From Montjuic castle we got excellent views of the city. However, it took a while realise that Montjuic lies on the south-western parts of Barcelona with all the commuting between Barcelona's different transport systems to get to here. From first impressions, the medieval structure and origin of the Montjuic castle seems to have been transported through a time warp to the modern world, as if miraculously reappearing in the middle of its modern gun emplacements that guard the hill. In fact, the castle was also the scene of the recent Spanish civil war. Now it is a war museum with hedge garden decorating the moat.

We walked down the mountain to the cable car station while taking in the marvellous views of Barcelona from some of the lookouts, and proceeded eastwards to the Olympic stadium. Although much of the Olympic spirit had gone, visitors still flock to the site and many tour buses were parked alongside the stadium. After walking halfway around one end, we decided to join the tourists to look at what they were seeing and realised that a viewing platform had been built near the entrance. From here we could get a view of the athletics field inside the stadium and it was free as well.

We had quite a bit of difficulty tracking the road that goes down to the Placa D'Espanya via Passeig de la Santa Madrona, but then we realised we had to turn left into a road that leads to the National art museum of Catalunya. Instead of just passing through, we went inside to observe some of the Catalan works of art dating back from the middle ages. The collections include frescoes, paintings and some frescoes which were peeled off and repasted on reconstructions of the church walls and aspes. But the real highlight was seeing the huge ampitheatre located just behind the museum galleries.

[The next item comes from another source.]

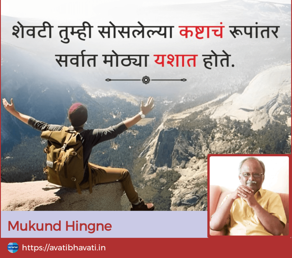 आपण रोजच्या कामातून नेमकं काय शोधतो ? यश….मोबदला की समाधान ? कारण रोजच्या, अगदी दिनचर्येतील व्यस्ततेच्या गर्दीतूनही आपण समोर येणारे काम अगदी यांत्रिकी पद्धतीने पूर्ण करीत असलो तरी दिवसाच्या शेवटी म्हणजे रात्री अंथरुणावर पडल्यावर दिवसभराच्या कामाचा ताण, थकवा बाजूला सारताना एक विचार मनात नक्कीच येतो…..आज आपण कमावलं काय ? आपल्याला यापेक्षा नक्कीच मोठं यश हवंय, मग यश म्हणजे नक्की काय ?

We had to finish off the day with a walk around Placa d' Espanya. We tried to get into Poble Espanyol, only that we had to pay about more than 10 Euros, so we took a short stroll around Placa d' Espanya and its twin belltowers - modelled on St Mark's towers in Venice and built as part of the 1929 International Exhibition. I also later learned that the fountain in the middle of the bustling roundabout was designed by Jujol who was also one of Gaudi's followers. Afterwards, we caught the metro to the Eixample area for dinner.